Partinin Genel Başkanı Recep Tayyip Erdoğan'ın siyasi yasaklı olması nedeniyle milletvekili seçilemediği 3 Kasım'da ise hükümet bugün Cumhurbaşkanı olan Abdullah Gül'ün Başbakanlığı'nda kuruldu. Ancak, siyasette takvim Erdoğan'ın Başbakan yapılması için işledi.

Erdoğan'ı Meclis'e sokmak için seferberlik
AKP'nin hükümet olmasından sonra, sıra Recep Tayyip Erdoğan'ın TBMM'ye sokulmasına geldi. Normal koşullarda sonraki milletvekili genel seçimine katılarak Meclis'e girmesi gereken Erdoğan için formül yaratıldı.
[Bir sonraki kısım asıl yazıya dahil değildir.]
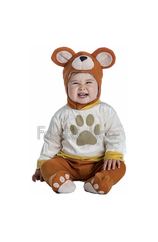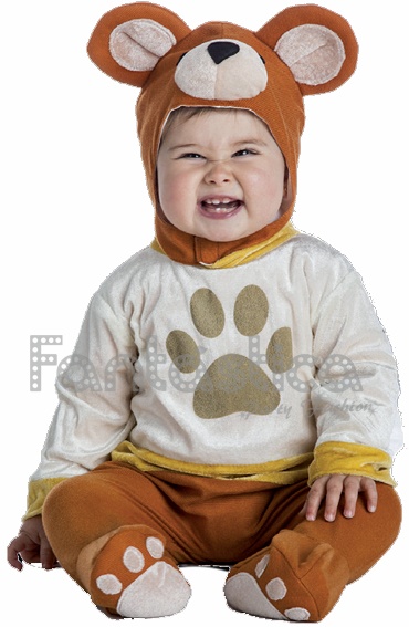 Simpático Disfraz para Bebé de Osito perfecto para Carnaval, Halloween, fiestas de disfraces, espectáculos y eventos especiales. El disfraz para bebé de Osito incluye mono y cabeza.

Adeta devletin tüm kurumlarıyla seferber olduğu süreçte, Yüksek Seçim Kurulu'nun (YSK) aldığı karar ile 9 Mart 2003 tarihinde Siirt'te bir yenileme seçimi yapıldı. Adrese teslim seçim kararında YSK, “3 Kasım'da milletvekili çıkaran partiler ancak tekrar milletvekili çıkarabilir” ifadesine yer verdiği için önceki seçimde kentte oyların yüzde 32'sini alan DEHAP seçime katılmayınca AKP'nin ve Erdoğan'ın önü açılmış oldu.

Siirt'te yenileme seçimi için gerekçe ise Siirt'in Pervari ilçesi Doğanköyü'nde toplam 706 seçmenin kayıtlı olduğu 17, 18 ve 19 numaralı sandıklarda sandık kurulları usulünce oluşturulmadığı için oy kullanamaması olmuştu. YSK'nın Erdoğan'ın siyaset yasağı kalkar kalkmaz aldığı bu karar çok tartışıldı. Çünkü seçimde bir dizi başka usülsüzlük gündemdeydi, ancak yenileme seçimi kararı ve kararın niteliği, bütünüyle Erdoğan'ın seçilmesini garantiye alan biçimde kurgulandı.

Bu süreçte CHP'nin, özellikle Deniz Baykal'ın AKP ile uzlaşma görüntüsü vermesi ve TBMM'de Erdoğan'ın yenileme seçimine katılabilmesine dönük yasal değişikliği desteklemesi de dikkat çekiciydi. Bu destekle ilgili 22 Kasım 2002 tarihli Hürriyet gazetesinde, AB Komisyonu’nun genişlemeden sorumlu temsilcisi Günter Verheugen'in 15 Kasım'da Baykal ile görüşmesinin aktarıldığı haberde Verheugen'in, Baykal’a ‘Başbakan kim olacak’ diye sorduğunu ve ‘Tabii ki seçimin galibi başbakan olacak’ yanıtını aldığını anlattığı yazılmıştı.

Ya medya desteği?
AKP'nin kuruluşunda, girdiği ilk seçim sırasında ve hükümetinin ilk günlerinde arkasına medya rüzgarını aldı. 2001 krizinin ardından sermayenin programını uygulamakta en istekli parti olduğunu belli eden AKP'ye özellikle Doğan Holding'e bağlı medya kuruluşlarından büyük destek verildi. Seçime giren başta MHP olmak üzere diğer partiler, Aydın Doğan'a ait gazetelerde ciddi ölçüde eleştirildi.

Başta Milliyet yazarı Hasan Cemal olmak üzere holdinge ait gazetelerde köşeyazarları AKP kadrolarının Refah-Fazilet Partisi çizgisinden çıkarak değiştiklerini yazdılar ve temel vurguları “Türkiye için Tayyip Erdoğan ve AKP'ye” şans verilmesi gerektiği olmuştu. 2004 yılına gelindiğinde ise Hasan Cemal, AKP'ye verilen şansı iyi değerlendirdiğine hükmetmiş olacak ki, şunları yazmıştı:

“Bu partinin çektiği çizgi AB. Dolayısıyla Erdoğan'ı bundan sonra kendi kafama göre eleştiririm de desteklerim de, ama ben Tayyip Erdoğan'ın İslamcı gizli gündemi olduğuna artık inanmıyorum ve kendi adıma bu dosyayı kapatıyorum.”